= Kenneth Downie =

British composer

Kenneth Downie is a composer of brass band music.

He was born in Glasgow in 1946 and educated at Greenock High School, the Royal Manchester College of Music and Durham University. He then became a specialist music teacher in schools before leaving his position as Head of Music at Poole Grammar School to go into the jewellery business in 1976.

==Music==
His published compositions, now numbering over 50, span a period of 30 years and are mainly for brass band or choir. Recent commissions include music for the Hampshire County Youth Band, City of Winchester Brass, International Staff Band of The Salvation Army and the Swiss and Norwegian National Brass Band Championships. In 1998 and 2000 his 'Purcell Variations' and 'Music for the Common Man' were chosen as section one regional test pieces for the National Brass Band Championships. 'Music for the Common Man' was also the test piece for the first section in the National Mineworkers' Contest in 2007

In April 1998 he was appointed to the post of Composer in Residence to the Yorkshire Building Society Band, and thus began a fruitful relationship involving concerts, broadcasts and recordings.

In November 1999 his contribution to Salvation Army music was recognised by the New York Staff Band when he was invited to be the guest at their annual Profile Night.

In July 2001 Kenneth was appointed as 'creative consultant' to the Salvation Army's Music Ministries department in London with special responsibility for the nurture of promising young composers.

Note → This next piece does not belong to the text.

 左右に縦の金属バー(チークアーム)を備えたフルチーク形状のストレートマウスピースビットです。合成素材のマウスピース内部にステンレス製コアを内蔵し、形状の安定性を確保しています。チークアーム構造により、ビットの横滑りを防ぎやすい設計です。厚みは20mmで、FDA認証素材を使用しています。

In September 2001 a tribute CD from Brighouse and Rastrick Brass Band was released on the Egon label. Using music drawn from Salvation Army and contesting band repertoire, the CD is conducted by David Hirst and Stephen Cobb.

In June 2003 a choral work for mixed voices `Veni Emmanuel` was premiered by the International Staff Songsters of the Salvation Army at the Royal Albert Hall, London.

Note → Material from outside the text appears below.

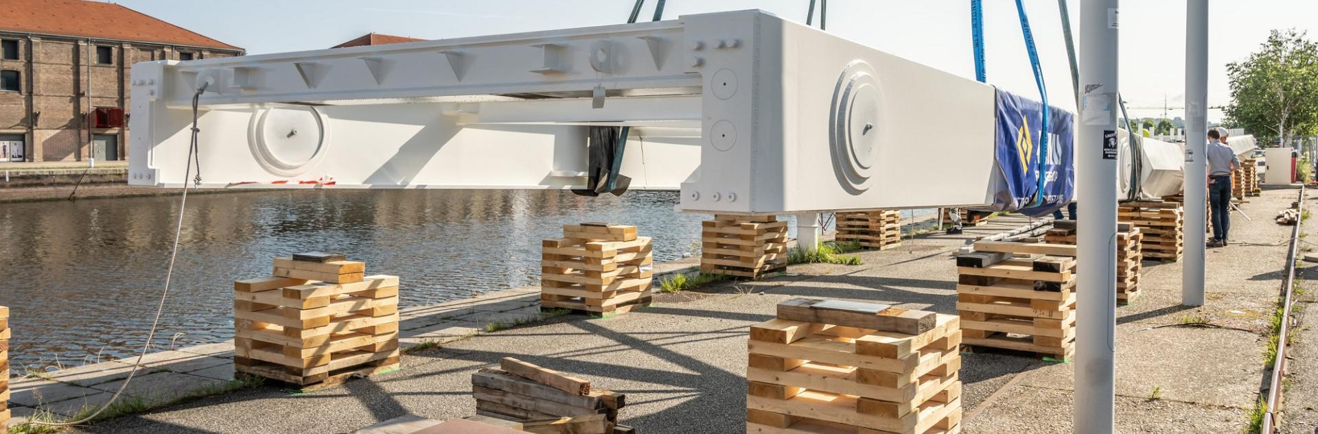 La passerelle Daniel Colliard en cours d’installation sur le bassin Paul Vatine

Kenneth Downie was selected to write the test piece for the Championship Section of the European Brass Band Championships, which was held in Glasgow in April 2004. The work is called St Magnus and is a set of variations on that tune. St Magnus was also selected in 2008 as the North American Brass Band Championships test piece.

In April 2006, a further tribute CD from The International Staff Band of The Salvation Army was released, this time on the SP&S label. The CD, called St Magnus, includes the first studio recording of that music which was the test piece for the Championship Section of the 2004 European Brass Band Championships.

In May 2007, it was announced that Kenneth Downie had been commissioned and had written the test piece for the 2007 British Open Brass Band Championship. 'Visions of Gerontius' is based on the hymn tune Gerontius of John Bacchus Dykes.

He was commissioned to write a new piece for the Elite Section in the Swedish Brass Band Festival of 2008. The piece is called 'Swedish Festival Music' and was premiered at SBBF in November 2008. As he was the "guest of honour" at the festival, all the other sections used his works as well.

He lives in Devon with his wife Patricia, who is also a musician, teaching pianoforte and singing. They are both active lay-Salvationists.

Kantaramusik is his own publishing company which concerns itself only with his own compositions. Kantaramusik publications are distributed exclusively by Salvation Army Trading Company Limited through its trading brand World of Brass.